Philippa Edmunds's picture

Last week, MEPs in the EU Transport Committee voted to reject further cross-border use of so-called 'mega trucks'- huge lorries 82ft (25 metres) long, which are bad for congestion, bad for safety and bad for road maintenance. Crucially, mega trucks would also devastate rail freight, the low carbon, energy efficient, safer alternative, encouraging freight off rail onto the roads.

The European Commission admitted that mega trucks, which are three times as long as a double decker bus and equivalent in weight to 52 cars, are more dangerous than existing HGVs. In the UK, current trucks are involved in 52% of fatal motorway accidents even though they only make up 11% of the traffic, so increasing their size and weight would be madness.

As it is, lorries are paying for only between a third and two-thirds of the damage they inflict on society in terms of road collisions, congestion, road damage, environmental pollution and impact on other road users, leaving taxpayers to pick up the rest of the bill. Introducing mega trucks would exacerbate this situation, and the case for them has not been made. How can even bigger trucks be justified when existing ones continue to drive around partially empty much of the time?

This was a crucial stage in the campaign against these massive 'travelling warehouses'. MEPs have rightly stated that detailed research to establish the full safety, road congestion and pollution impacts of these massive vehicles must be carried out before further international transport is allowed.

We are pleased that the UK Government has already said it will not allow mega trucks to circulate here in the UK. However, we know that it would come under huge pressure from the road haulage industry on competition grounds to allow mega trucks to operate here once they are allowed to travel internationally.

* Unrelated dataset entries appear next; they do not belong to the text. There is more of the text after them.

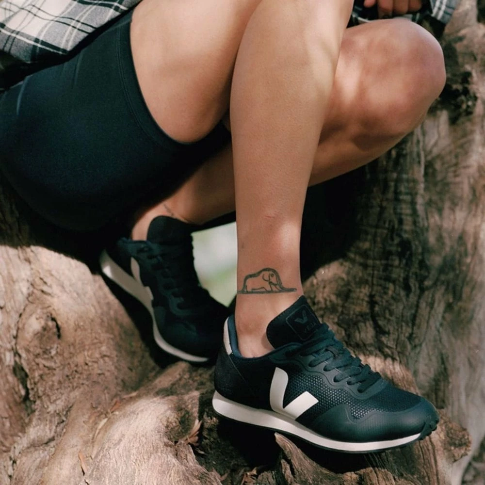 Super cool and iconic, a perfect black trainer from Veja. Alveomesh is a technical fabric made exclusively from recycled plastic bottles It brings breathability, flexibility and lightness to the shoe Panels and V logo are made out of vegan suede Made in Brazil Veja means “look” in Portuguese – look meaning “transparency” One of our favourite brands as its sustainable, ethical & fairtrade credentials
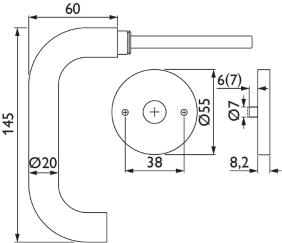 Feuerschutz-Halbgarnitur 1801 BASIC 01, mit Gleitlager-Rosette 2073 FS, Nocken mit M5 Durchgangsloch / KL4 Design, fest/drehbar, Gegenrosette blind, inkl. Schrauben, Oberfl. 60 (Edelstahl matt)
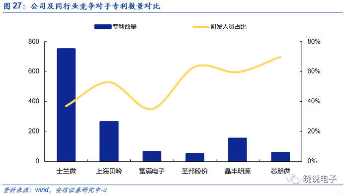 截至2019年9月30日,公司累计取得国内外专利59项,其中发明专利51项,另有集成电路布图设计专有权76项,高于富满电子及圣邦股份,公司在电路设计、半导体器件及工艺设计、可靠性设计、器件模型提取等方面积累了众多核心技术,形成了完善的知识产权体系和独特的技术优势,多项芯片产品为国内首创,替代进口品牌,快速占领市场。
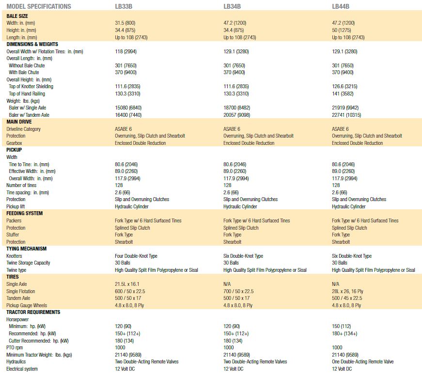 - Large capacity twine boxes hold plenty of twine for more time in the field when conditions are right. Capacity is 24 balls on the LB44; 30 balls on the LB34, and 20 balls on the LB33.

Our Government has already caved in to road haulage industry pressure and allowed trials of 7ft longer trucks which have bigger tail swings, bigger blind spots and inferior maneuverability.

So this vote in Brussels was absolutely crucial. But the debate is not over. Now the vote has to be confirmed by the plenary of the European Parliament in April, before individual Members States will then have their say, and we will be there every step of the way.